FMLA is enforced by the U.S. Department of Labor, Wage and Hour Division. As you might imagine, many states have enacted more stringent family and medical leave laws that can apply to smaller businesses.

So, the big question is: How do you handle employees with job-related injuries who are eligible for FMLA and who may also have a disability?

TEN POINTS. To make your way through the ADA/WC/FMLA Bermuda Triangle, consider these ten points:

1. If the workers’ compensation leave extends beyond three days, initiate the FMLA leave process for eligible employees. This is a critical point because employers cannot go back and retroactively apply FMLA. The leave must be designated up front by the employer and proper FMLA forms must be completed. FMLA leave can and should run concurrently with Workers’ Compensation. Otherwise, you may find yourself granting an FMLA leave on top of previous leave. (This is called "leave-stacking" and you want to avoid it at all costs.)

2. Your obligation under ADA to reasonably accommodate an injured worker continues throughout the claim process and family or medical leave.

3. Decisions regarding the return to work and "light duty" assignments for injured workers must be made with an understanding of ADA and FMLA obligations.

4. Restricting light-duty positions to occupationally injured employees who return to work could result in an ADA violation.

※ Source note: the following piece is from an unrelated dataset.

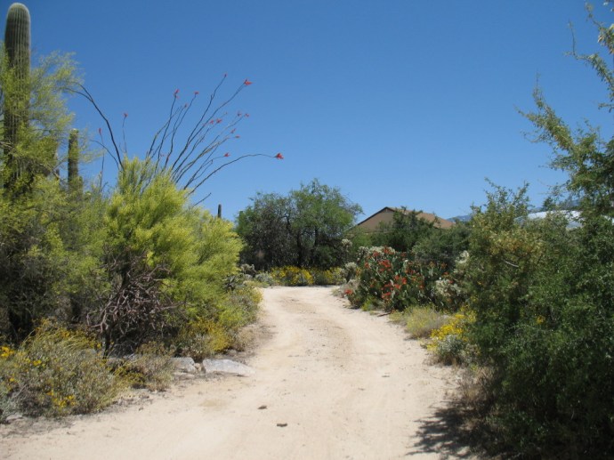 As we caught up, he began to show me around his property. I realized that I had never seen the acreage. Upon my request, he took me on a full tour of his desert twenty, or so, acres. The main wash rolls through the property on the hidden side of the hills, which you don’t see from the south face, where he lives. It is covered with the usual mesquite and grasses. It is the stealth route that DF and I have used to access a tall waterfall through the Stone Canyon Golf Course and residential area. The gated community sprung up blocking my old bike path to the waterfall, but that is another story.

5. All injured workers are not covered by ADA; they must first meet the definition of a qualified person with a disability.

6. Negative attitudes toward injured workers can create the perception of a disability that, in turn, can create an ADA liability.

7. All employment-related decisions about an individual with a disability must be made case by case. "Blanket" return-to-work policies are not acceptable.

8. Not allowing employees to return to work until they are 100 percent recovered ("full release") could be viewed as failure to reasonably accommodate under ADA.

9. Consider bringing an injured employee back to work on a Thursday, so they ease back into work with only two days before the weekend. This can alleviate situations where they revert back to collecting workers’ compensation because they cannot work a full workweek.

10. Designate someone in your company (typically, a human resources representative) to keep the lines of communication open with employees who are out on FMLA and WC leaves. Litigation often stems from a failure to communicate with employees i.e., if they feel forgotten or mistreated and become angry.

CONCLUSION. The moral of the story is tread carefully in deep water. Call for help when you’re faced with a potential ADA/WC/FMLA situation. In addition to addressing the requirements of these three regulations, you want to review state regulations along with health insurance and disability obligations. Your HR manager or a trained professional can help keep you afloat in such murky waters!